Machine Learning

In the field of pattern recognition and machine learning, we consider the supervised scenario where we have a labelled training set which we use to learn the parameters of a model that predicts a target vector.

Problem type inference

We encounter the importance of semantic data types in machine learning right away, as the field distinguishes two kinds of supervised learning tasks. When predicting a finite number of discrete categories, the task is known as classification, and when predicting one or more continuous variables, it is known as regression [bishop2006pattern]. Automatically distinguishing the two might be seen trivial, however, there are ambiguous cases. Values represented by the computer as ‘0’ and ‘1’ could be both binary (a special case of a categorical variable) or continuous (a count). While in theory, we could enforce categories to have a string representation and continuous values integer or float representations, this is not the case with real-world datasets. Often data is stored in plain-text CSV files, where the distinction is lost. Automatically distinguishing between problem type is not merely a mental exercise, it is actively used in AutoML (the process of automatically applying machine learning, not the product).

For an example, see usage of typesets.

Confidence scores

When classification is used in practice, we often do not want to rely solely on the label prediction and want a measure of certainty that the model is correct. This is especially the case when a decision can have an enormous impact. Consider a medical diagnosis problem where, based on an fMRI scan, we wish to determine whether the patient has cancer. The cost of classifying a non-cancerous scan as cancerous is not as high as vice versa. One method of certainty is to let the model output a confidence score for each prediction, indicating the certainty with which the prediction is taken. A reliable confidence score gives us the option to avoid automatically making decisions on difficult cases. When we can assume that the confidence score is a probability, we can draw from tools provided by probability theory. In this special case, the confidence has to adhere to the rules of probability, such as it should be in the interval [0, 1] and that for samples predicted with 0.8 confidence that should mean that about 80% of these samples belong to the true class. A classifier is said to be well-calibrated when it adheres to these rules.

Models as Logistic regression return well-calibrated predictions by default, while others return biased scores, such as Random Forest or SVM classifiers. One can perform various analysis to understand how well a classifier is calibrated.

A hierarchical type system such as visions can be used to differentiate between confidence scores and probabilities. One then could perform specialised types of analysis based on this type.

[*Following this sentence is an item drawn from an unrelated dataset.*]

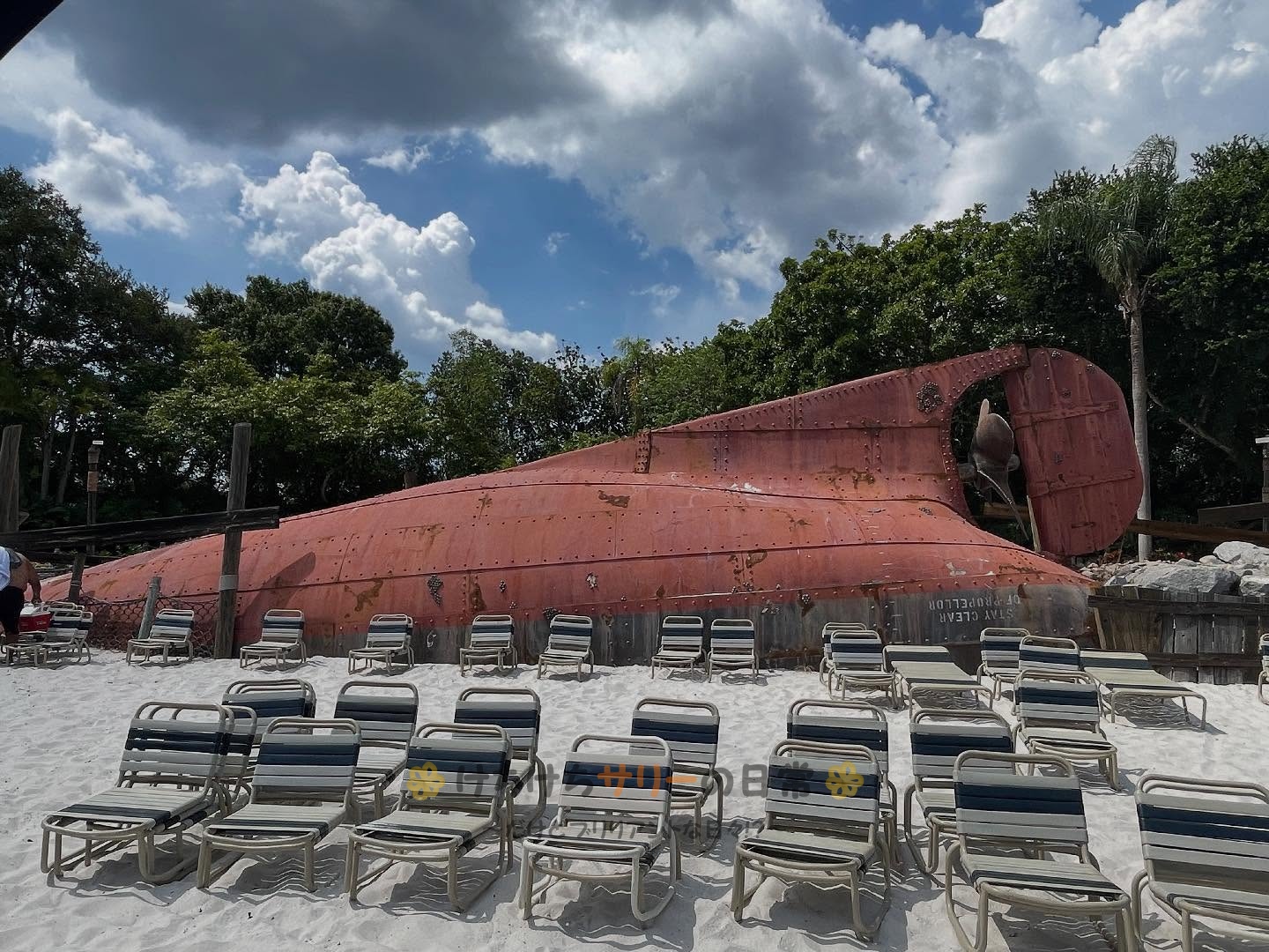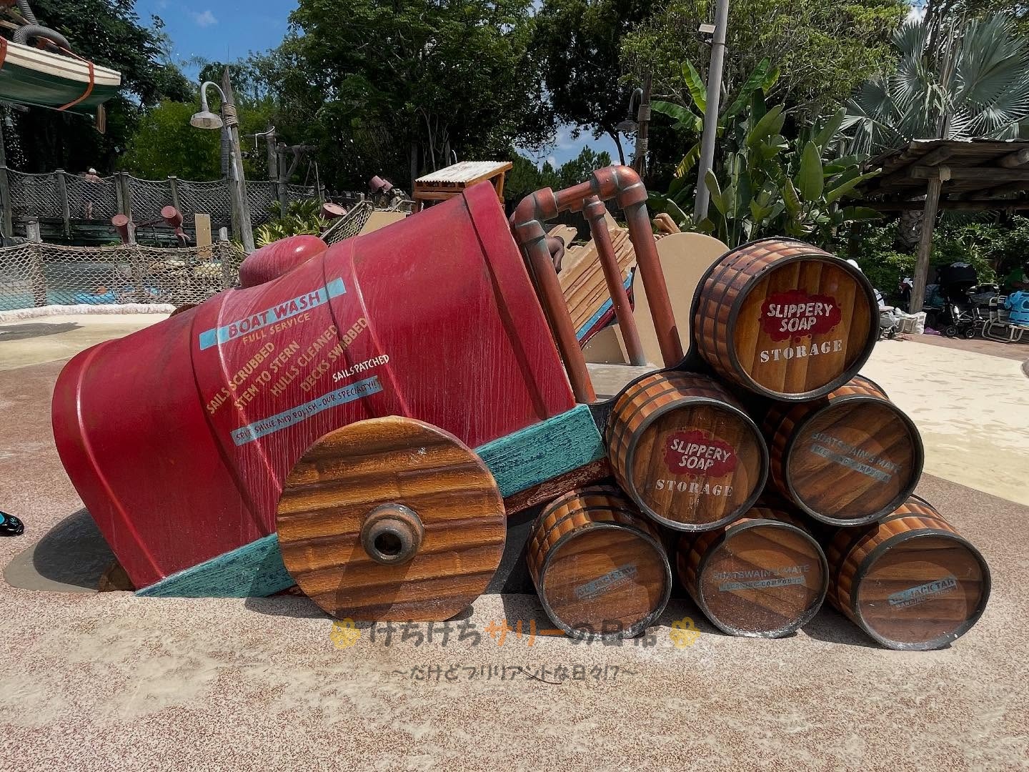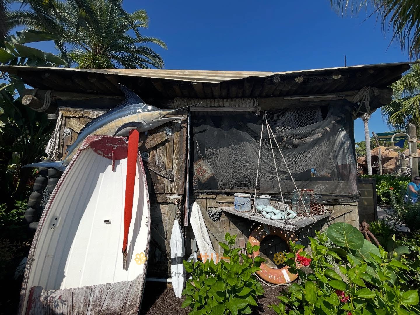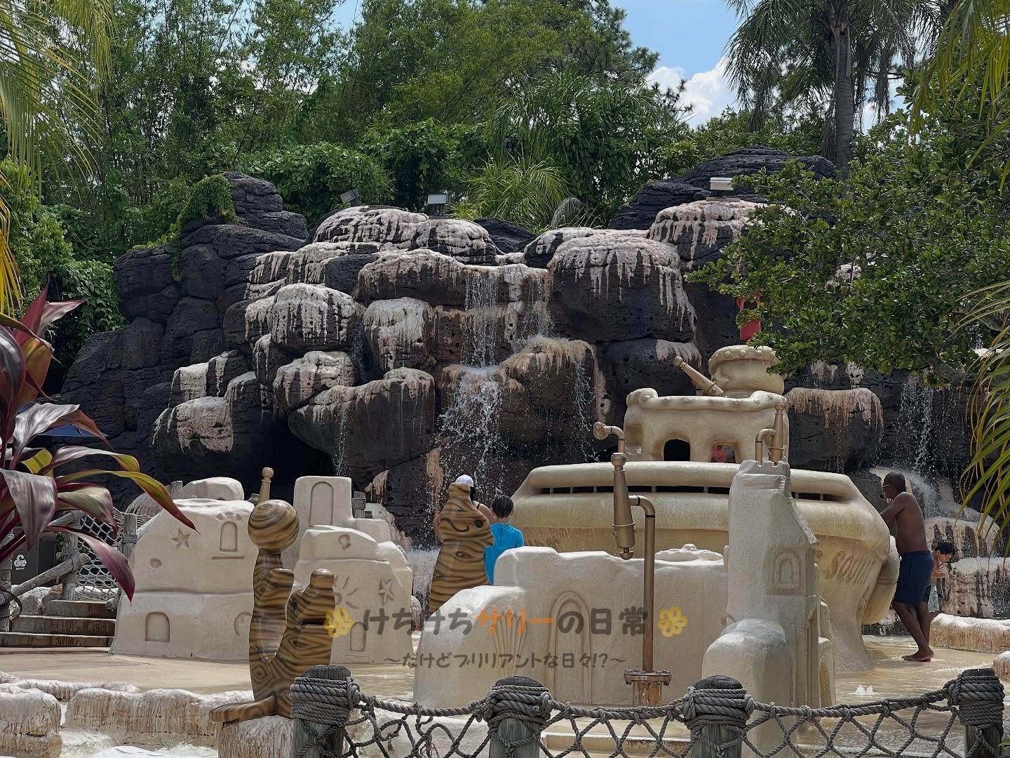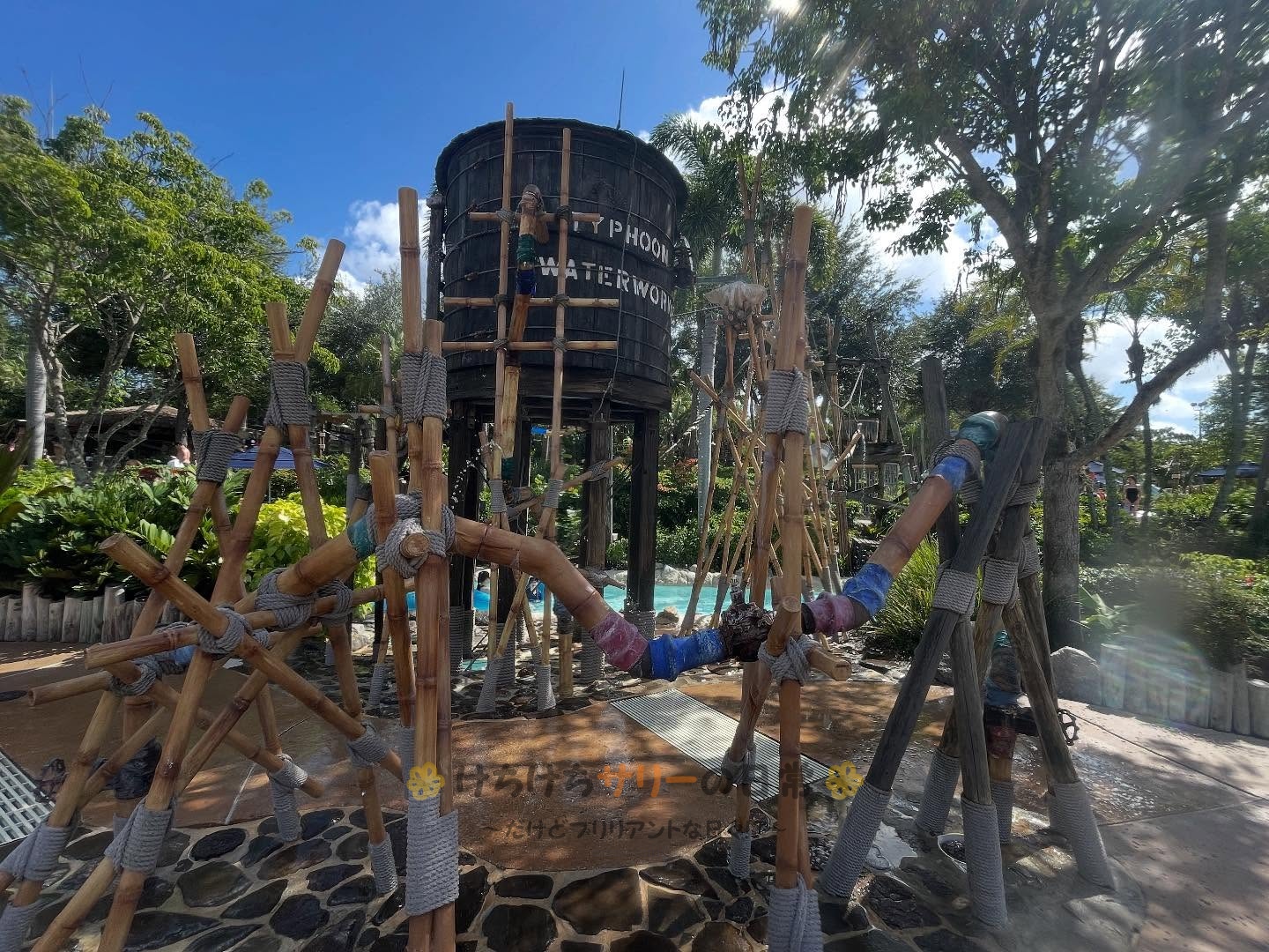 大型台風が過ぎ去った後の陸の孤島がコンセプトになってて、「ブリザードビーチ」に負けず劣らず、ディティールまで凝って作られてて、ただパーク内を歩いてるだけで楽しい😊

The scikit-learn package provides excellent resources for model calibration 1. For more background on the relevant aspects of probability and decision theory, we recommend reading [bishop2006pattern], chapter 1.5, p. 38-42.

Encoding variables

Another case in machine learning where semantic types are relevant is the encoding of variables. There are various ways to encode variables in predictive models that depend on its statistical type. For example, categorical values can be encoded as one-hot or dummy coded, random projection or via learned representations. Ordinals can be encoded as integer (or embedded). Likewise, strategies for filling missing values may also depend on the data type.

Model profiling

There are plans to implement specific model statistics in the model-profiler package (to be released). This package will focus on summarization of a model or sets of predictions and will be based on a custom visions typeset. Relevant statistics encompass error metrics, analysis of residuals and model explainers.


Bishop, C. M. (2006). Pattern recognition and machine learning. springer.